In the first-generation multicomputer, the packet switching mechanism was borrowed from the world of computer networks. The packet switching mechanism behaves in a store and forward manner similar to the mail service. A message is divided into packets which are sent independently via the communication network between the source and the destination nodes.
Circuit switching methods behave analogously to telephone systems where a path between the source and destination is initially built up and the circuit is held until the entire message is transmitted. The circuit switching mechanism is realized in three phases −
In the first phase, the communication circuit is built up by sending a special short message called the probe through the network. The probe plays a similar role to the packet header in packet switching schemes. When the communication circuit is established, the second phase can be started in which the actual message is sent via the communication circuit. During this phase, the channels constituting the circuit are reserved exclusively, and no other messages can be transmitted by them.

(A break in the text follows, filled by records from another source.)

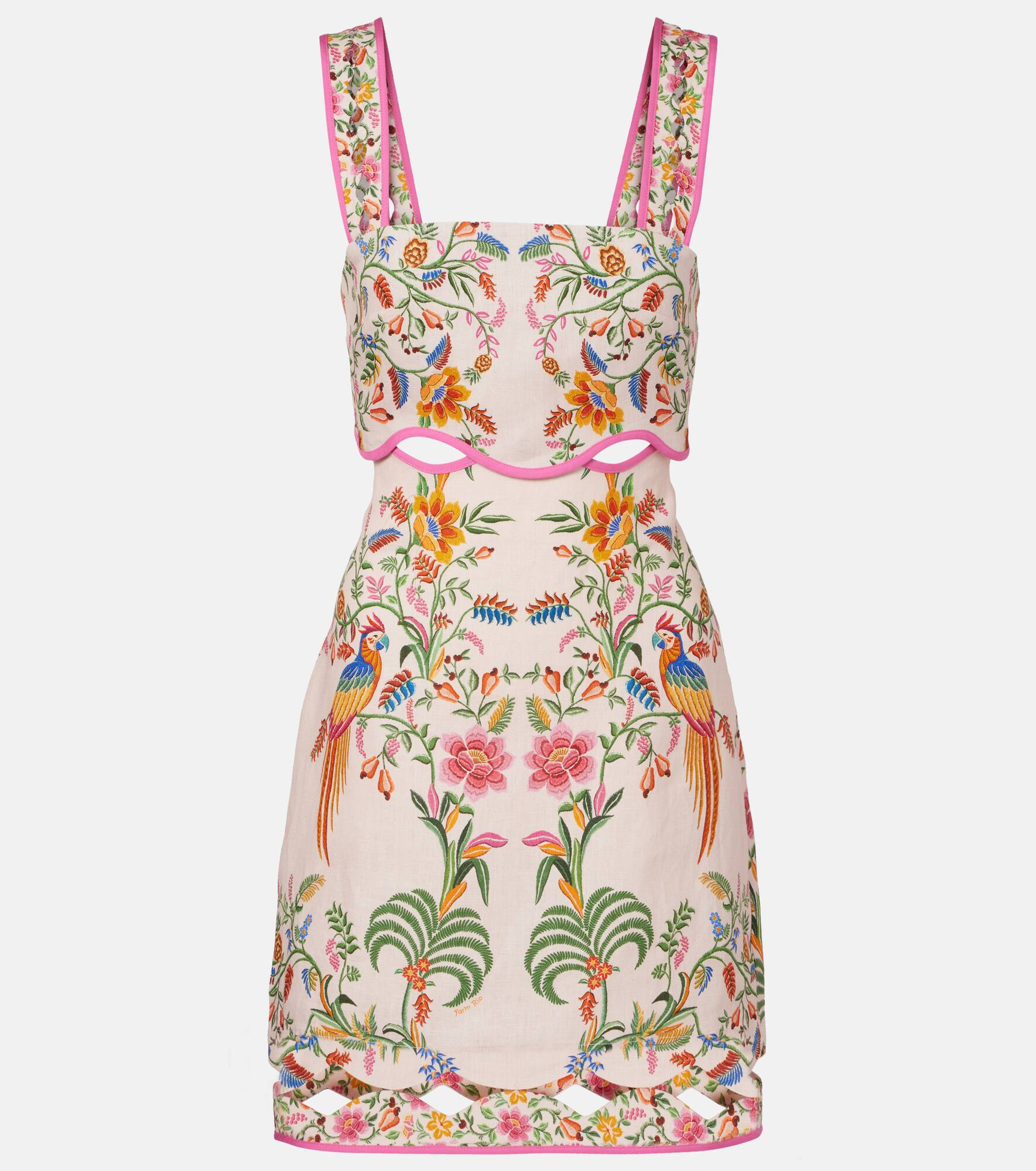 This Farm Rio minidress is crafted from breathable linen. This cut-out piece features a square neckline and a vibrant nature-inspired print that adds charm to this breezy, sun-ready silhouette. Product Details - Material: 100% linen - Care instructions: machine wash at 30 degrees - Made in China - Designer color name: Delicate Forest Pink - Item color: pink, multicolor - Two-piece set - Closure: buttoned back, zipped back - Item number: P01070763 Size & Fit - True to size - Low back - Cinched waist - Non-stretchy fabric - The model seen in the picture is 178cm-5'10" and wearing a size XS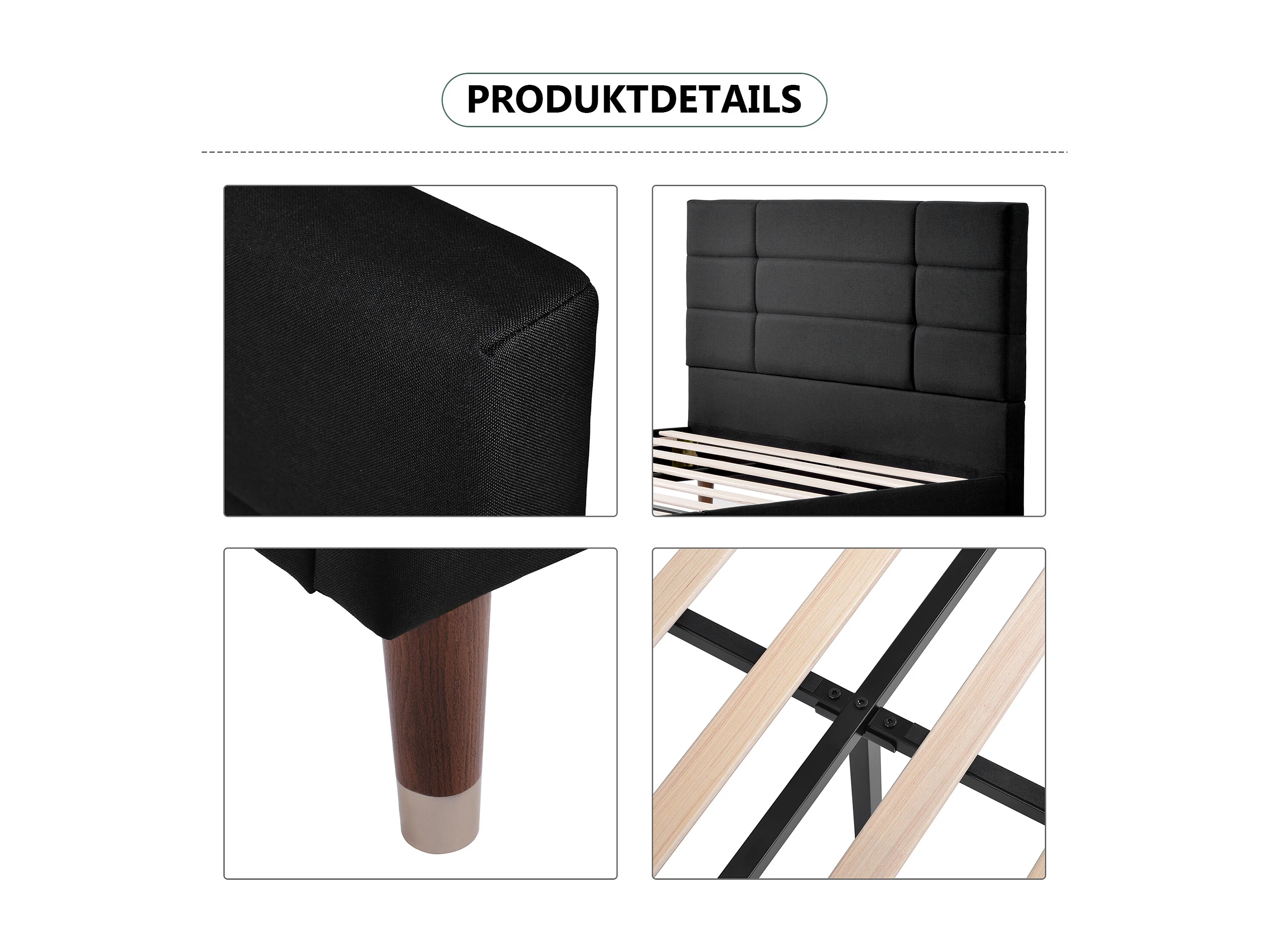 Lit adulte 140x200 cm avec Matelas - Lit enfant en tissu lin noir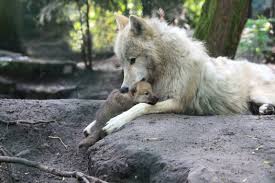 Dit is de poolwolf, deze wolven leven in Canada, Groenland en Alaska. Het hele land is bedekt met sneeuw en ijs. Meestal is het hier rond de -50, maar op hele koude dagen kan het hier wel -100 worden. De welpen worden meestal in mei of juni geboren.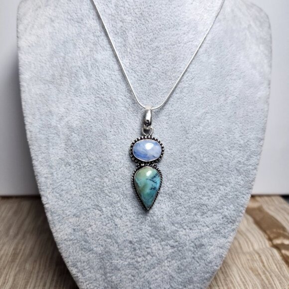 NEW HAND CRAFTED Natural Moonstone & Larimar 925 Hallmark Pendant

In the last phase, the circuit is destroyed, either by the tail of the transmitted message or by an acknowledgment message returned by the destination node. If the desired channel is used by another circuit in the circuit establishment phase, the partially built-up circuit may be destroyed.

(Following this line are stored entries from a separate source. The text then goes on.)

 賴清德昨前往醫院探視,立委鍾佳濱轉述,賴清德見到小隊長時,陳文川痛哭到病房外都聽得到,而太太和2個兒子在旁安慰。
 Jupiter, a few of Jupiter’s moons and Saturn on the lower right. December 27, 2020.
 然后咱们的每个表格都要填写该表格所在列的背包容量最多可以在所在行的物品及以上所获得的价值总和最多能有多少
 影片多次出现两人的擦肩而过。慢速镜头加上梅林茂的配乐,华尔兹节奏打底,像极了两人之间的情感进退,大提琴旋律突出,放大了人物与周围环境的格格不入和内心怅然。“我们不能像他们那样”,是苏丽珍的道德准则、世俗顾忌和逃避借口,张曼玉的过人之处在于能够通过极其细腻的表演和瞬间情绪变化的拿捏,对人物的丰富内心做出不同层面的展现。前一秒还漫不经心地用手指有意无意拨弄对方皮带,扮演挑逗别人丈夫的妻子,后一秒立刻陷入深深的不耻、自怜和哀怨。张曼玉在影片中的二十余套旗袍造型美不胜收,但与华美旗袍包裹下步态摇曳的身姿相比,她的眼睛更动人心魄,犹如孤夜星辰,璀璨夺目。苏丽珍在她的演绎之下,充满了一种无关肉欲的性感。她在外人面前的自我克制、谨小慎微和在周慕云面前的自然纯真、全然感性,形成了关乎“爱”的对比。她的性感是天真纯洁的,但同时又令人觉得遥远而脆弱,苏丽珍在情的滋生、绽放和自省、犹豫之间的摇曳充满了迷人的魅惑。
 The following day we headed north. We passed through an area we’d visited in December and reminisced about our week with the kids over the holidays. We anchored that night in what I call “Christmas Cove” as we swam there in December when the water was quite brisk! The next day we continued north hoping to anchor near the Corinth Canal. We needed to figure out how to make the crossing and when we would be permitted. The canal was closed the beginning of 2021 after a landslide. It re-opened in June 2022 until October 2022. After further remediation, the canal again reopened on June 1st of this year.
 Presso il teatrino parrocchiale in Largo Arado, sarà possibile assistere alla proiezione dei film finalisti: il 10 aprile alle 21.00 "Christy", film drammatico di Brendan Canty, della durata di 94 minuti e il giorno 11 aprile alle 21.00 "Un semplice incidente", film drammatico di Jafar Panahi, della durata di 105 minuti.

Virtual cut-through attempts to integrate the advantage of packet switching and circuit switching. The message is divided into small units known as flow control digits or flits. As long as the required channels are free, the message is forwarded between nodes flit by flit in a pipeline fashion.
If a required channel is busy, flits are buffered at intermediate nodes. It is depending on the size of the available buffers, virtual cut-through can behave in different ways. If the buffers are large enough, the entire message is buffered at the blocked intermediate node, resulting in a behavior similar to packet switching. If the buffers are not large enough, the message will be buffered across several nodes, holding the links between them.
Wormhole routing is a special case of virtual cut-through, where the buffers at the intermediate nodes are the size of a flit. The advantage of wormhole routing over circuit switching and virtual cut-through appears in networks where contention is not negligible. In circuit switching, once a channel is assigned to a message, it cannot be used by other messages until the channels become free. In virtual cut-through, blocked messages must be stored in the buffer of intermediate nodes.